Given a set of m points $T= \{(x_1^{(i)},x_2^{(i)})\}$ on the plane, $x_i \in \mathbb{R^2}$ and $y_i \in \{-1,1\}$ where $i \in \{1, ...,m \}$,
$(x_1^{(i)},x_2^{(i)})$ denotes the coordinates of the ith point,
$y^{(i)} = 1$ indicates the point belongs to the positive class while $y^{(i)} = -1$ is saying the point belongs to the negative class.
The distance of any point P$(x_1^{(i)},x_2^{(i)})$ from the line is equal to
$d^{(i)} = \dfrac{|w_1x_1^{(i)} + w_2x_2^{(i)} + b|}{\sqrt{w_1^2 + w_2^2}}$
Consider $Dist(w_1,w_2,b)$ a function of $w_1,w_2,b$
Does it make sense to use the derivatives
$ \dfrac{dDist(w_1,w_2,b)}{dw_1} $, $ \dfrac{dDist(w_1,w_2,b)}{dw_2} $, $ \dfrac{dDist(w_1,w_2,b)}{db} $
to find the values for $w_1,w_2,b$ that maximize the total distances of all points to the line which could be used as the separating line for binary classification? If yes, how do I do that?

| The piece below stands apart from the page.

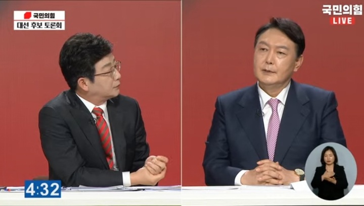 유 전 의원이 해당 사진을 놓고 계속 사실 관계를 묻자 윤 전 총장은 "토론을 하러 나오는 건지, 말꼬리를 잡으려는 건지"라며 불만을 표했다. 그는 또 "정책토론을 안 하고 딴 생각만 한다"며 유 전 의원을 공격하기도 했다.
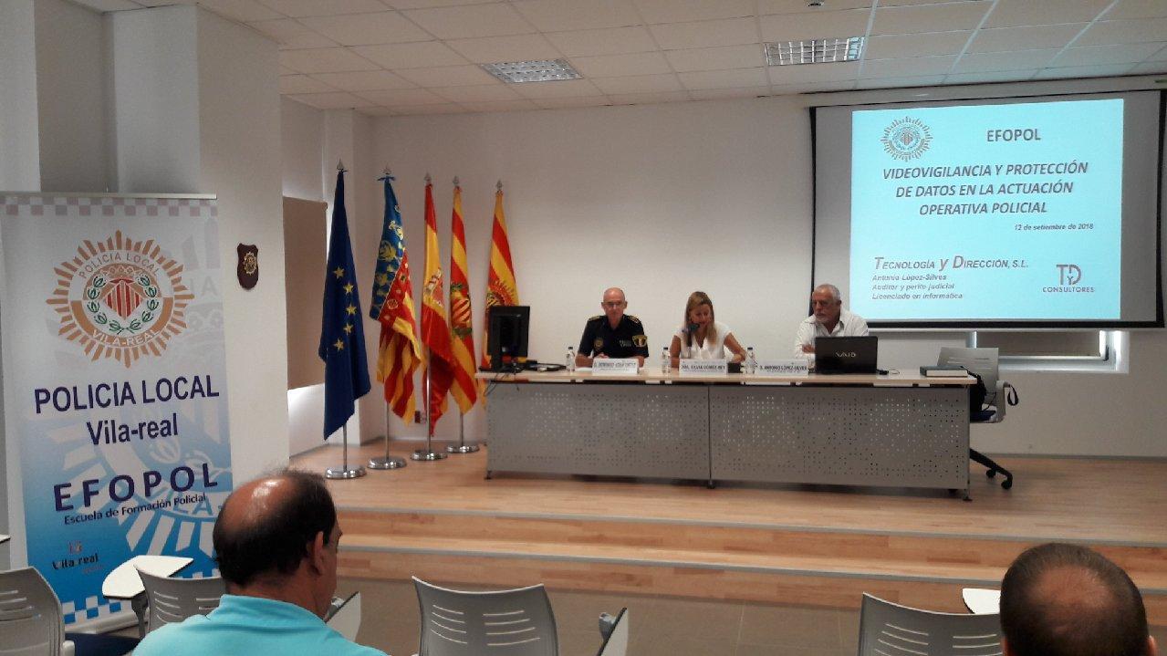 La Policia Local de Vila-real ha impartit aquest matí el curs ‘Videovigilancia y protección de datos en la actuación operativa policial’, que ha comptat amb la intervenció d‘Antonio López-Silves, auditor i pèrit judicial, especialitzat en aquest àmbit. A la sessió han assistit uns 25 agents, tant de Castelló, València i Alacant, com altre altres forces de seguretat, que han pogut conéixer qüestions com l’ús de càmeres en edificis particulars i locals oberts al públic, càmeres simulades, gravacions amb drons o fototografies de menors en les xarxes socials, entre d’altres. La regidora de Seguretat Ciutadana, Silvia Gómez, i el comissari cap de la Policia Local, Domingo Adán, han donat la benvinguda als participants.

I guess one of the constraints is that the line has to be somewhere between the largest point and smallest point.
for all m data points, the total distances could be computed by
$ Dist(w_1,w_2,b) = \sum\limits_{i=1}^m y_i \dfrac{w_1x_1^{(i)} + w_2x_2^{(i)} + b}{\sqrt{w_1^2 + w_2^2}} \tag{1} $
as all the points ($y_i = 1$) on the positive side have
$\mathbf{w} \cdot \mathbf{x} + b > 0$
whereas
all the points ($y_j = -1$) on the negative side make
$\mathbf{w} \cdot \mathbf{x} + b < 0$
therefor, proper-classified data points increase equation 1 while misclassified data points decrease the value.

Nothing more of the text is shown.